◆ **AIM OF THE TASK**: Pictures aside, output each record exactly.

··········

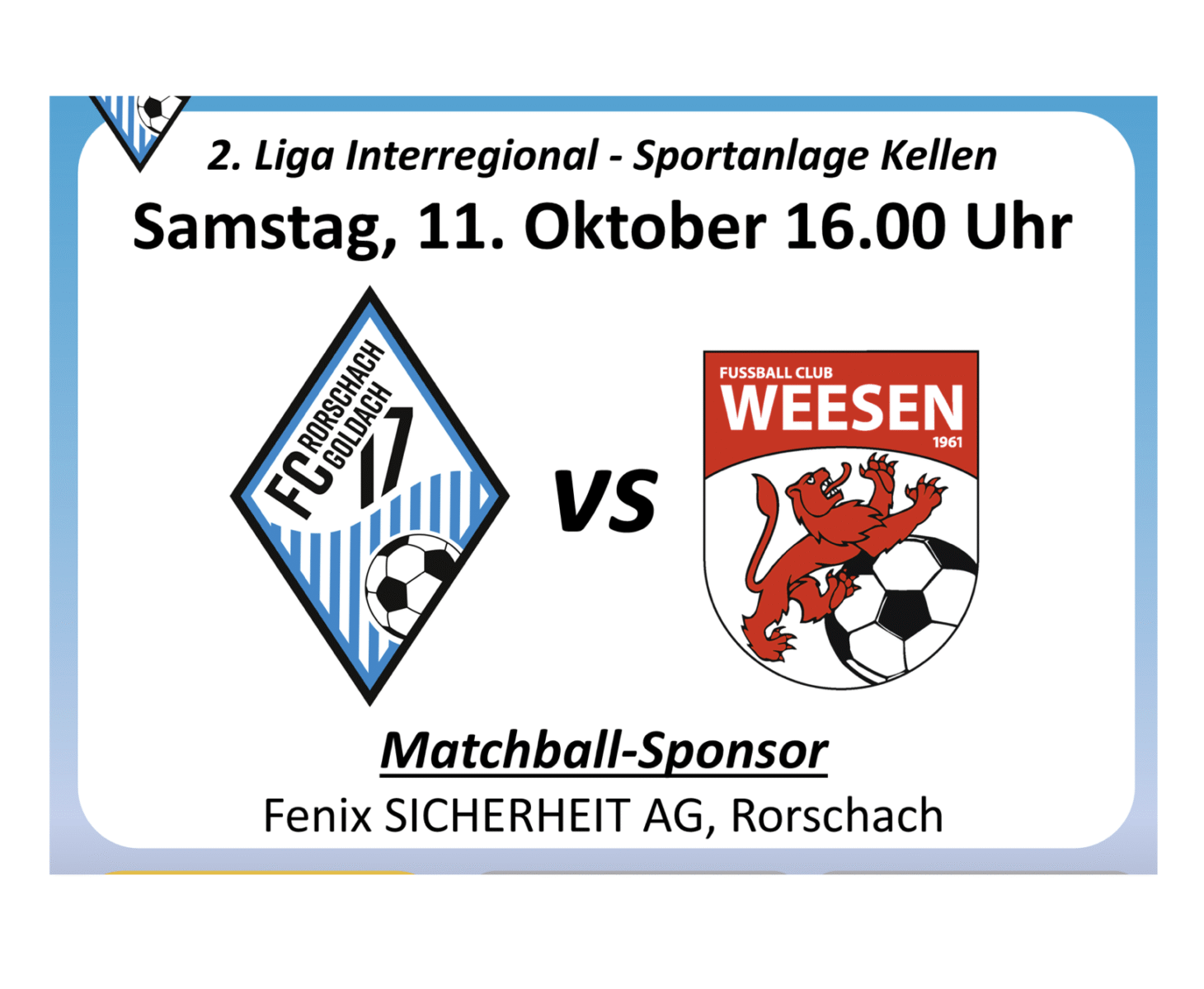Der FC Weesen schiesst zwar in jedem Spiel mindestens zwei Tore, hat jedoch mit 15 Gegentoren bereits vier Tore mehr kassiert, als der FC Rorschach-Goldach (11). Trotzdem haben die Einheimischen noch kein Spiel mit null Gegentoren beendet. Ein spannendes Spitzenspiel mit vielen Toren ist wohl zu erwarten.
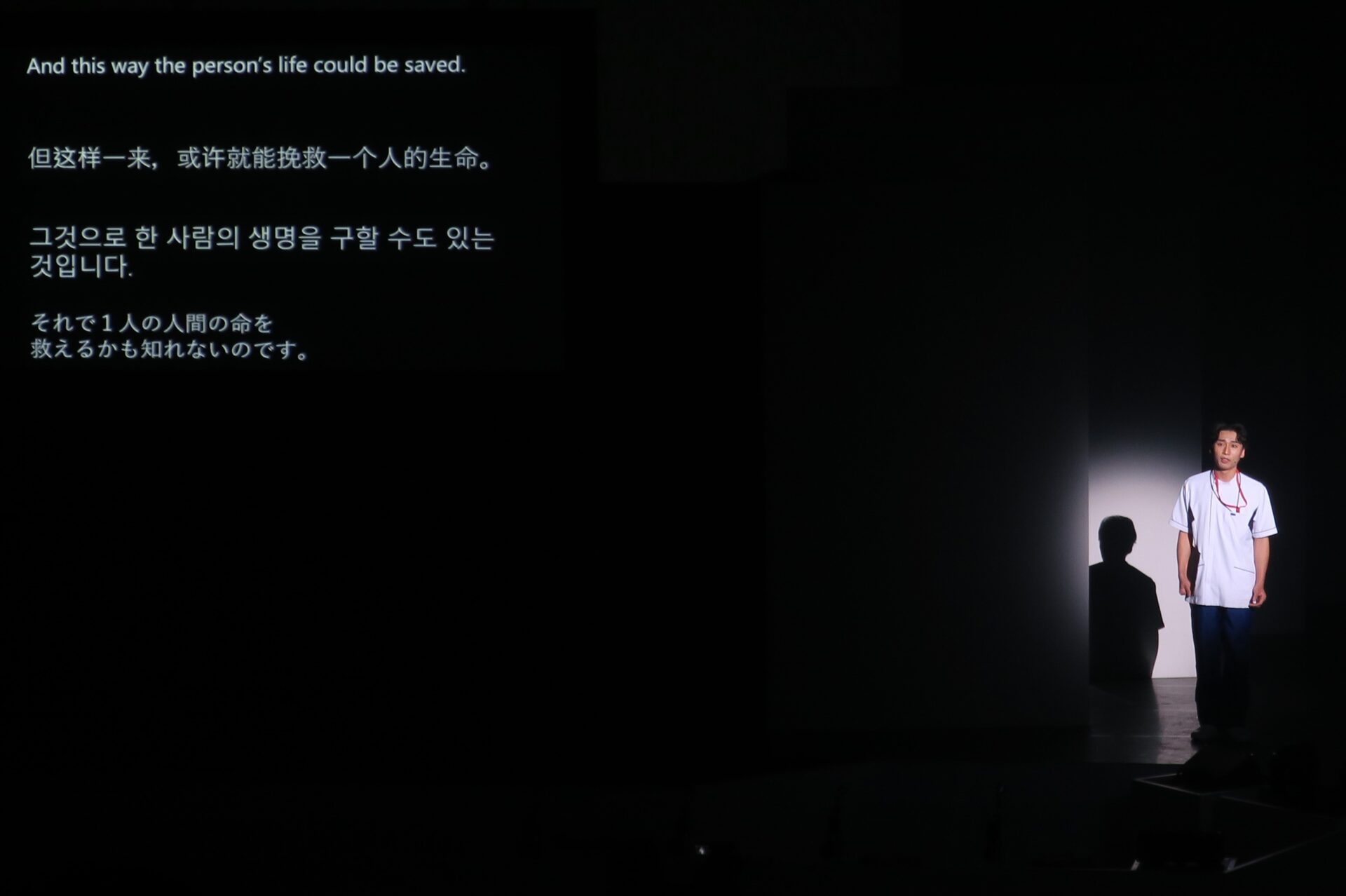 ミュージカルのテーマである骨髄バンクのドナー登録については、学生が扮する医師のセリフやスクリーンの字幕を通して詳しく説明がなされました。骨髄移植には白血球の型であるHLA型が適合することが必要ですが、適合する確率は血縁者で4分の1、非血縁者で数百から数万分と大変低いのが現実。一方、日本で骨髄移植を必要とする患者は今年5月末現在約1700人で、骨髄バンクのドナー登録者数は約56万人。医師役の学生は「ドナー登録者は多いように思われますが、まだまだ足りないのが現実です」と訴えました。
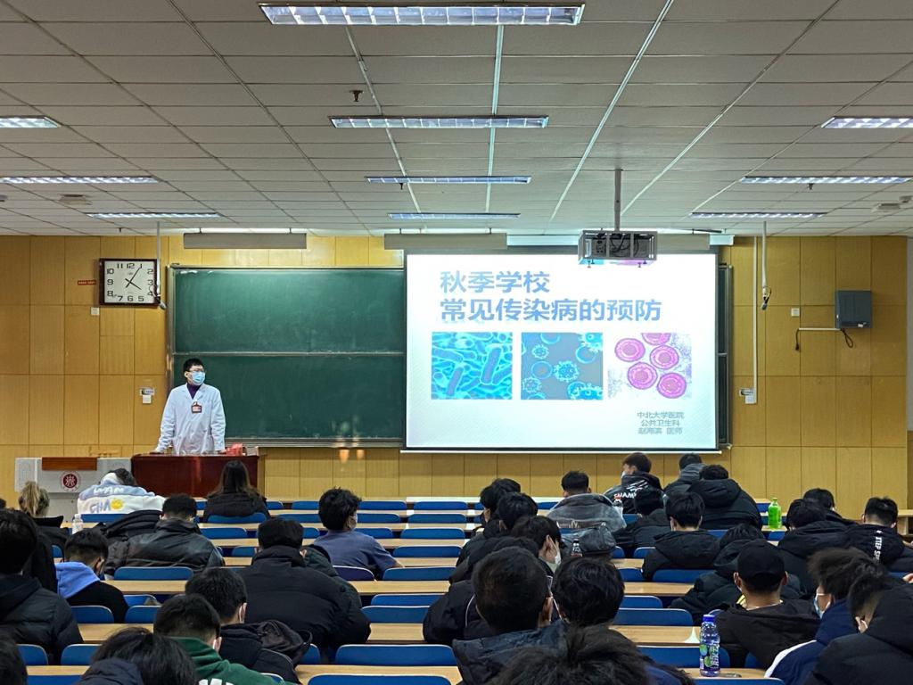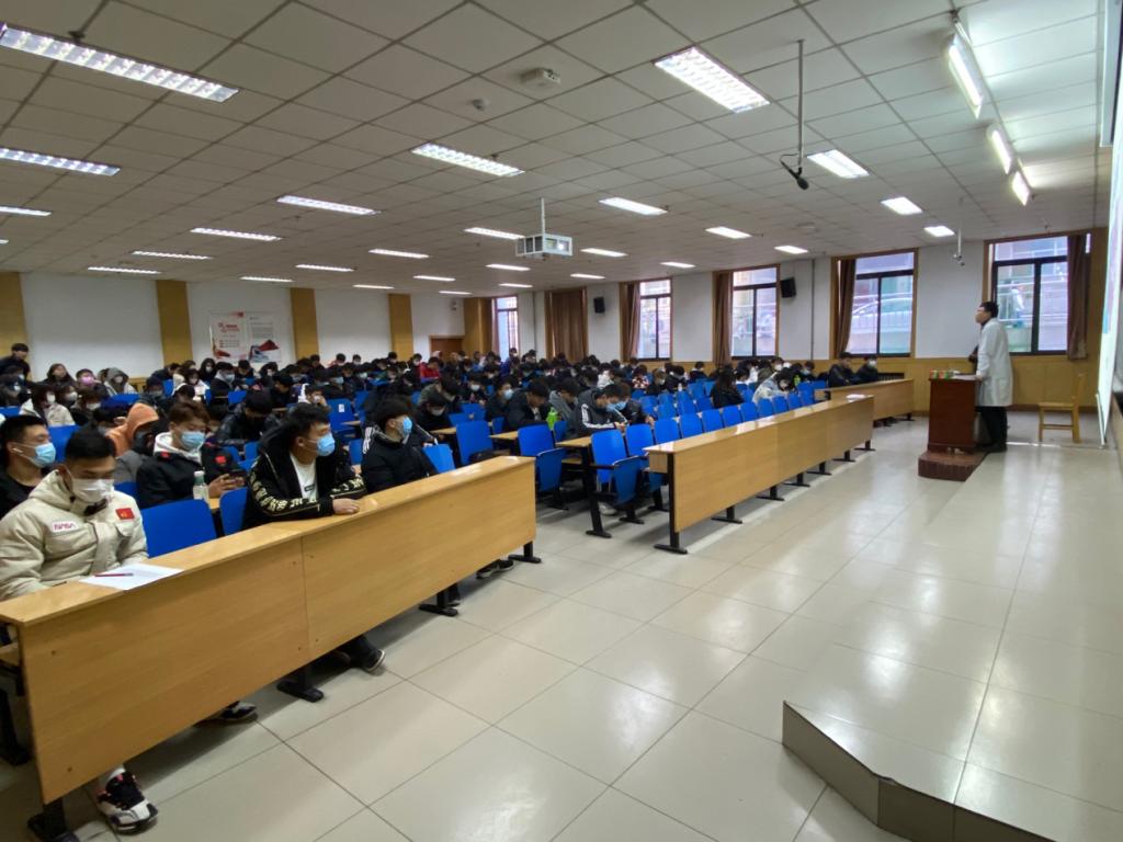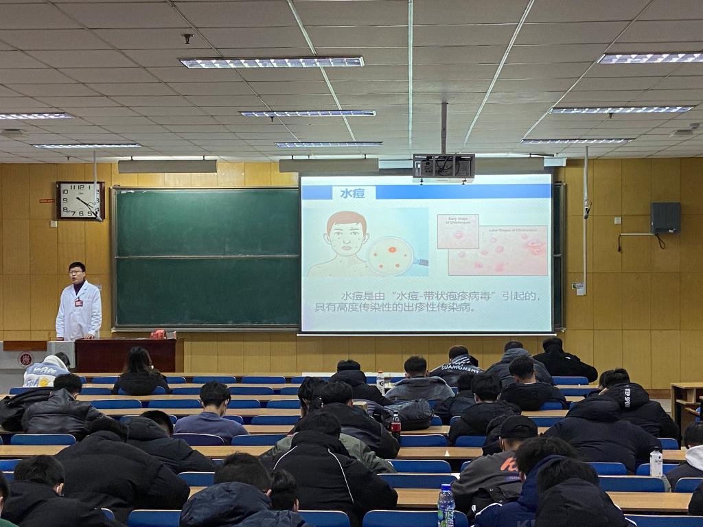 在11108H教室开展健康教育讲座。本次讲座特邀校医院赵海滨医生主讲,各年级学生代表参加,内容主要涵盖结核病及水痘的发病、传播、常见症状、预防和治疗等方面。
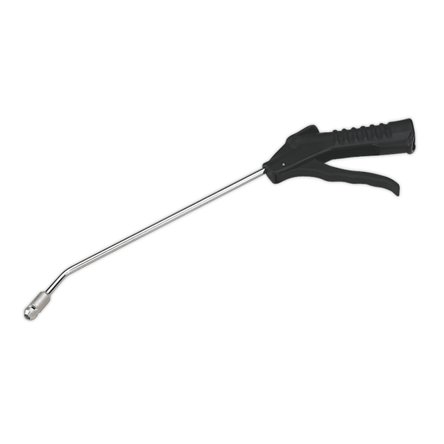 Trigger operated blow gun with extended lance. Fitted with brass air inlet ferrule. Suitable for quick removal of chips, dust and particulate from any surface. Ideal for use in the workshop or bodyshop. Long lance allows projection of airflow directly to required area. Supplied with safety nozzle. Maximum operating pressure 110psi.
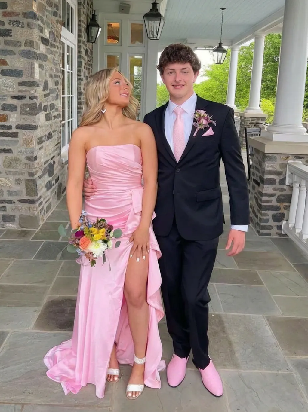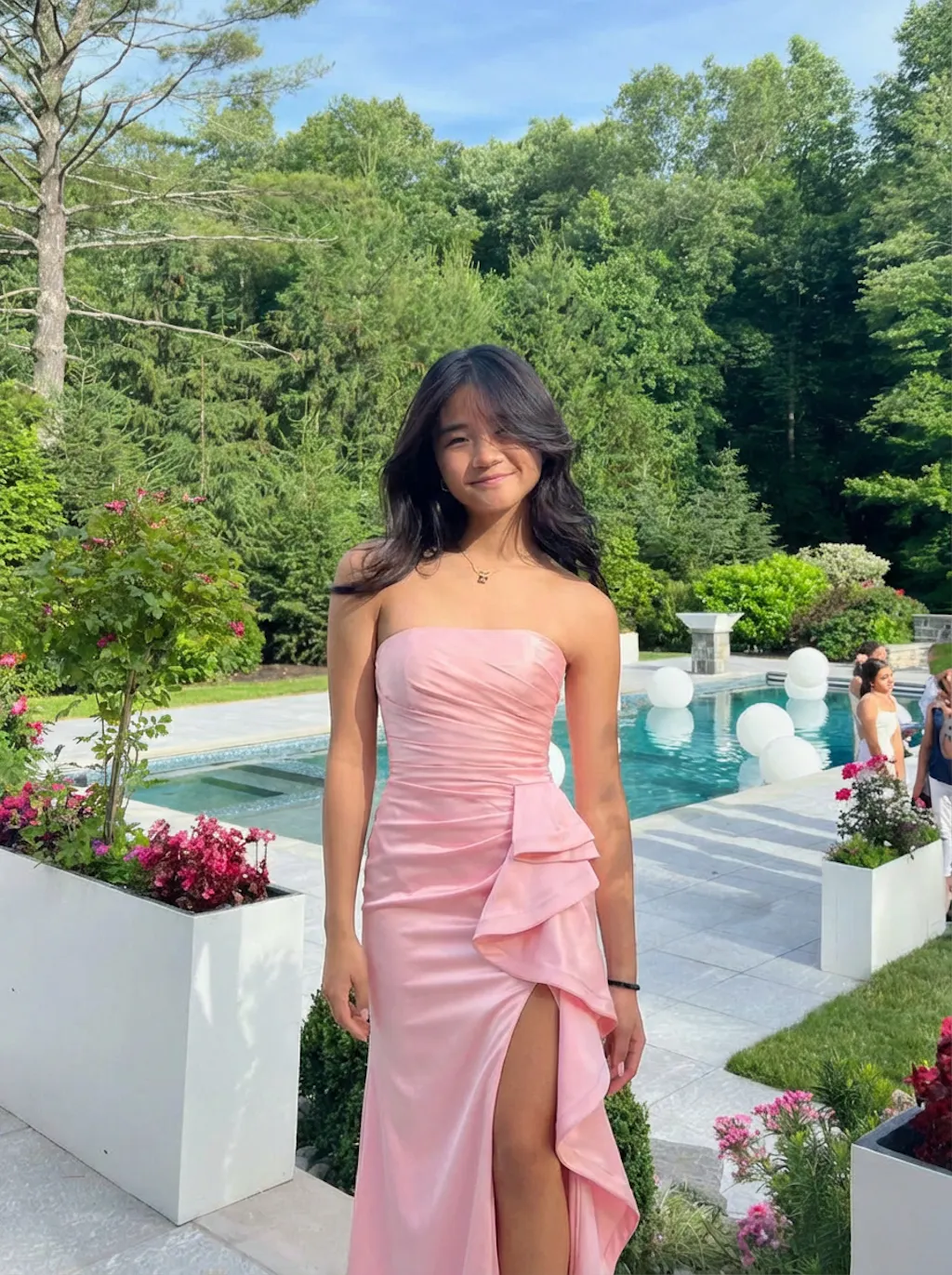 #N451702 Mermaid Prom Dresses Off The Shoulder Strapless Satin Formal Dress With Ruffle Side Split
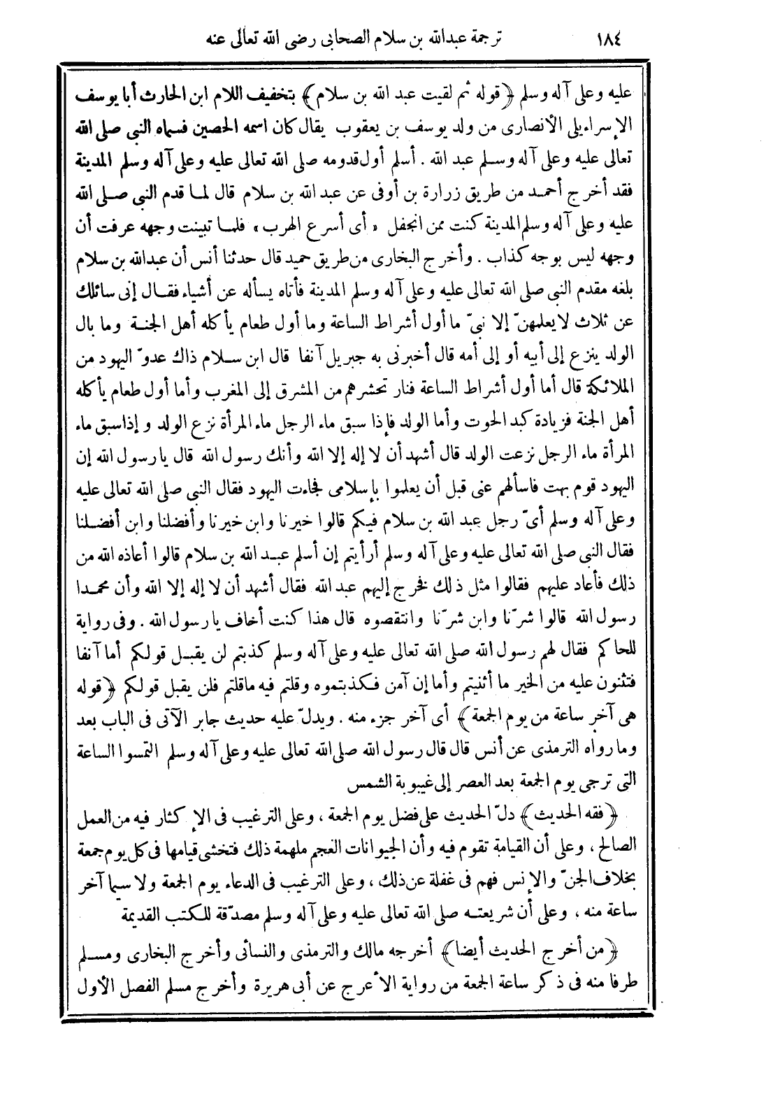 (قوله ثم لقيت عبد الله بن سلام) بتخفيف اللام ابن الحارث أبا يوسف الإسراءيلي الأنصاري من ولد يوسف بن يعقوب يقال كان اسمه الحصين فسماه النبي صلى الله تعالى عليه وعلى آله وسلم عبد الله. أسلم أول قدومه صلى الله تعالى عليه وعلى آله وسلم المدينة فقد أخرج أحمد من طريق زرارة بن أوفي عن عبد الله بن سلام قال لما قدم النبي صلى الله عليه وعلى آله وسلم المدينة كمت ممن انجفل "أي أسرع الهرب" فلما تبينت وجهه عرفت أن وجهه ليس بوجه كذاب. وأخرج البخاري من طريق حميد قال حدثنا أنس أن عبد الله بن سلام بلغه مقدم النبي صلى الله تعالى عليه وعلى آله وسلم المدينة فأتاه يسأله عن أشياء فقال إني سائلك عن ثلاث لا يعلمهنّ إلا نبيّ ما أول أشراط الساعة وما أول طعام يأكله أهل الجنة وما بال الولد ينزع إلى أبيه أو إلى أمه قال أخبرني به جبريل آنفًا قال ابن سلام ذاك عدوّ اليهود من الملائكة قال أما أول أشراط الساعة فنار تحشرهم من المشرق إلى المغرب وأما أول طعام يأكله أهل الجنة فزيادة كبد الحوت وأما الولد فإذا سبق ماء الرجل ماء المرأة نزع الولد وإذا سبق ماء المرأة ماء الرجل نزعت الولد قال أشهد أن لا إله إلا الله وأنك رسول الله قال يا رسول الله إن اليهود قوم بهت فاسألهم عني قبل أن يعلموا بإسلامي فجاءت اليهود فقال النبي صلى الله تعالى عليه وعلى آله وسلم أيّ رجل عبد الله بن سلام فيكم قالوا خيرنا وابن خيرنا وأفضلنا وابن أفضلنا فقال النبي صلى الله تعالى عليه وعلى آله وسلم أرأيتم إن أسلم عبد الله بن سلام قالوا أعاذه الله من ذلك فأعاد عليهم فقالوا مثل ذلك فخرج إليهم عبد الله فقال أشهد أن لا إله إلا الله وأن محمدًا رسول الله قالوا شّرنا وابن شرّنا وانتقصوه قال هذا كنت أخاف يا رسول الله. وفي رواية للحاكم فقال لهم رسول الله صلى الله تعالى عليه وعلى آله وسلم كذبتم لن يقبل قولكم أما آنفًا فتثنون عليه من الخير ما أثنيتم وأما إن آمن فكذبتموه وقلتم فيه ما قلتم فلن يقبل قولكم
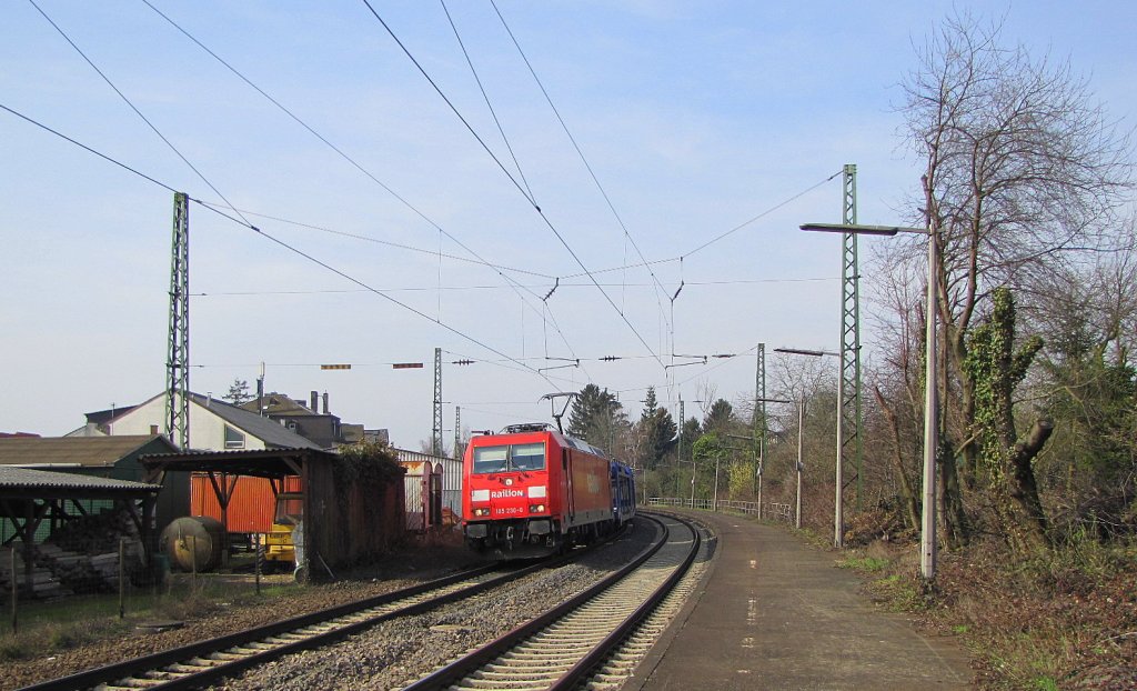Railion 185 230-0 mit Touax-Wagen Richtung Wiesbaden, in Erbach (Rheingau); 24.03.2010

··········

◆ **YOUR RESPONSE**:
Der FC Weesen schiesst zwar in jedem Spiel mindestens zwei Tore, hat jedoch mit 15 Gegentoren bereits vier Tore mehr kassiert, als der FC Rorschach-Goldach (11). Trotzdem haben die Einheimischen noch kein Spiel mit null Gegentoren beendet. Ein spannendes Spitzenspiel mit vielen Toren ist wohl zu erwarten.
 ミュージカルのテーマである骨髄バンクのドナー登録については、学生が扮する医師のセリフやスクリーンの字幕を通して詳しく説明がなされました。骨髄移植には白血球の型であるHLA型が適合することが必要ですが、適合する確率は血縁者で4分の1、非血縁者で数百から数万分と大変低いのが現実。一方、日本で骨髄移植を必要とする患者は今年5月末現在約1700人で、骨髄バンクのドナー登録者数は約56万人。医師役の学生は「ドナー登録者は多いように思われますが、まだまだ足りないのが現実です」と訴えました。
 在11108H教室开展健康教育讲座。本次讲座特邀校医院赵海滨医生主讲,各年级学生代表参加,内容主要涵盖结核病及水痘的发病、传播、常见症状、预防和治疗等方面。
 Trigger operated blow gun with extended lance. Fitted with brass air inlet ferrule. Suitable for quick removal of chips, dust and particulate from any surface. Ideal for use in the workshop or bodyshop. Long lance allows projection of airflow directly to required area. Supplied with safety nozzle. Maximum operating pressure 110psi.
 #N451702 Mermaid Prom Dresses Off The Shoulder Strapless Satin Formal Dress With Ruffle Side Split
 (قوله ثم لقيت عبد الله بن سلام) بتخفيف اللام ابن الحارث أبا يوسف الإسراءيلي الأنصاري من ولد يوسف بن يعقوب يقال كان اسمه الحصين فسماه النبي صلى الله تعالى عليه وعلى آله وسلم عبد الله. أسلم أول قدومه صلى الله تعالى عليه وعلى آله وسلم المدينة فقد أخرج أحمد من طريق زرارة بن أوفي عن عبد الله بن سلام قال لما قدم النبي صلى الله عليه وعلى آله وسلم المدينة كمت ممن انجفل "أي أسرع الهرب" فلما تبينت وجهه عرفت أن وجهه ليس بوجه كذاب. وأخرج البخاري من طريق حميد قال حدثنا أنس أن عبد الله بن سلام بلغه مقدم النبي صلى الله تعالى عليه وعلى آله وسلم المدينة فأتاه يسأله عن أشياء فقال إني سائلك عن ثلاث لا يعلمهنّ إلا نبيّ ما أول أشراط الساعة وما أول طعام يأكله أهل الجنة وما بال الولد ينزع إلى أبيه أو إلى أمه قال أخبرني به جبريل آنفًا قال ابن سلام ذاك عدوّ اليهود من الملائكة قال أما أول أشراط الساعة فنار تحشرهم من المشرق إلى المغرب وأما أول طعام يأكله أهل الجنة فزيادة كبد الحوت وأما الولد فإذا سبق ماء الرجل ماء المرأة نزع الولد وإذا سبق ماء المرأة ماء الرجل نزعت الولد قال أشهد أن لا إله إلا الله وأنك رسول الله قال يا رسول الله إن اليهود قوم بهت فاسألهم عني قبل أن يعلموا بإسلامي فجاءت اليهود فقال النبي صلى الله تعالى عليه وعلى آله وسلم أيّ رجل عبد الله بن سلام فيكم قالوا خيرنا وابن خيرنا وأفضلنا وابن أفضلنا فقال النبي صلى الله تعالى عليه وعلى آله وسلم أرأيتم إن أسلم عبد الله بن سلام قالوا أعاذه الله من ذلك فأعاد عليهم فقالوا مثل ذلك فخرج إليهم عبد الله فقال أشهد أن لا إله إلا الله وأن محمدًا رسول الله قالوا شّرنا وابن شرّنا وانتقصوه قال هذا كنت أخاف يا رسول الله. وفي رواية للحاكم فقال لهم رسول الله صلى الله تعالى عليه وعلى آله وسلم كذبتم لن يقبل قولكم أما آنفًا فتثنون عليه من الخير ما أثنيتم وأما إن آمن فكذبتموه وقلتم فيه ما قلتم فلن يقبل قولكم
Railion 185 230-0 mit Touax-Wagen Richtung Wiesbaden, in Erbach (Rheingau); 24.03.2010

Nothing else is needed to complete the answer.